HONG KONG — To paraphrase the late John F. Kennedy, we chose to define open source AI not because it would be easy, but because it would be hard: because that goal would help us organize and measure the best of our energies and skills.
Stefano Maffouli, executive director of the Open Source Initiative (OSI), said artificial intelligence (AI) is not compatible with software and data that are combined with existing open source licenses. “Therefore, we need to create a new definition of open source AI,” Maffouli said.
And how open source can put AI on the right path
Firefox’s parent organization, the Mozilla Foundation, agrees.
A Mozilla representative explained that big tech companies “have not always fully adhered to open source principles when it comes to AI models,” and said the new definition “will be helpful to lawmakers working to develop rules and regulations to protect consumers from AI risks.”

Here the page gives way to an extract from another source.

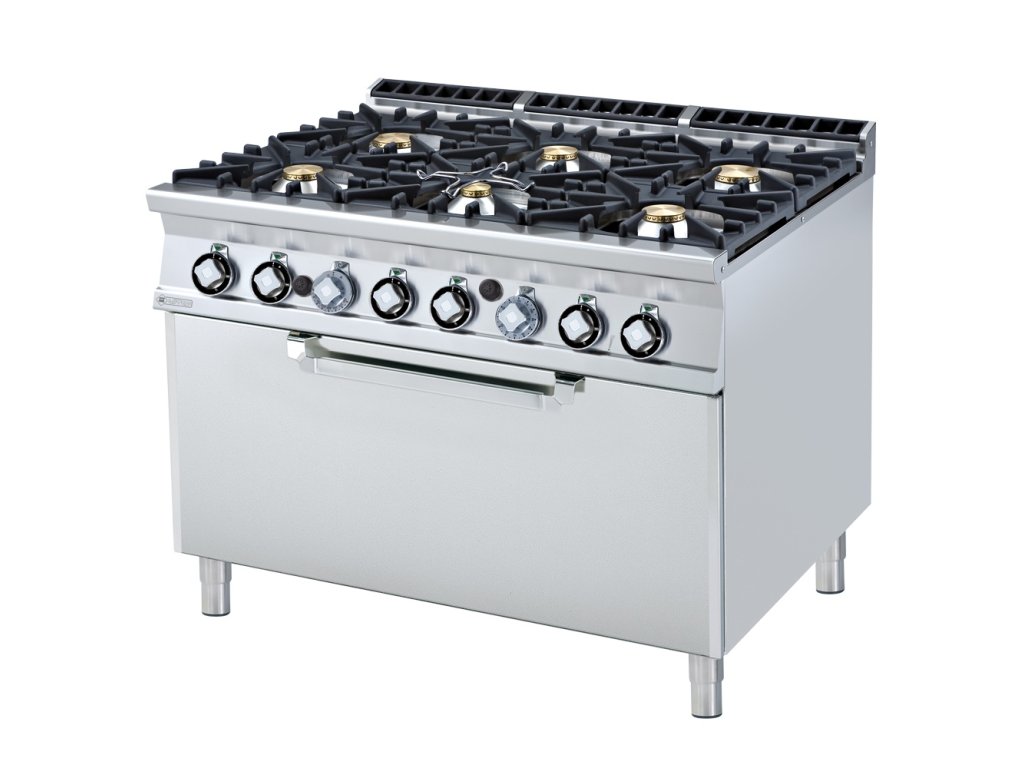 rozmer: 1200x900x900mm(šxhxv); príkon plyn: 58,5kW; plynový príkon horákov: 1x4kW + 3x7kW + 2x10kW; počet horákov: 6ks; plynový príkon rúry: 13,5kW; vnútorný rozmer rúry: 1070x730x340mm(šxhxv)/3 x GN 1/1; regulácia teploty rúry: 50-300°C; prevedenie rúry: statická; zapaľovanie: horáky-pilotný plameň / rúra-piezo; liatinové rošty horákov; hrúbka plechu vrchnej dosky: 2mm; základné príslušenstvo: ; -rošt rúry 1050x710mm(šxh)Diskusia

OSI has been working hard to create a comprehensive definition of open source AI, similar to the Open Source Definition for Software. This important effort responds to the growing need to clearly define what constitutes an open source AI system, at a time when many companies, such as Meta’s Llama 3,1, claim that AI models are open source when in fact they are not open at all.
The latest OSI Open Source AI Definition draft, 0.0.9, has several important changes. These are:
- Clarification of definitions: The definition clearly identifies the model and weights/parameters as part of an AI “system” and emphasizes that all components must adhere to open source standards. This clarity ensures that the entire AI system, not just parts of it, adheres to open source principles.
- The role of the training data: Training data is useful but not required to change AI systems. This decision reflects the complexities of data sharing, including legal and privacy concerns. The draft bill categorizes training data as open, public, or non-public data that cannot be shared, with specific guidelines for each to increase transparency and understanding of bias in AI systems.
- Checklist separation: The License Evaluation Checklist has been separated from the main definition document to align with the Model Openness Framework (MOF). This separation allows for a focused discussion of open source AI identification while maintaining the general principles of the definition.
As Jim Zemlin, executive director of the Linux Foundation, explained at Open Source Summit China, the MOF is “a way to help us evaluate whether a model is open. It allows us to rate the model.”
There are three levels of openness within the MOF, Zemlin added: “Level 1, which is the highest level, is the definition of open science, where the data, all the components used, and all the instructions should actually create your own models in exactly the same way. Level 2 is a subset of that, where not everything is actually open, but it’s mostly open. And then level 3, there are areas where data may not be available, but data that describes the dataset is available. The models are open, but it’s understood that not all the data is available.”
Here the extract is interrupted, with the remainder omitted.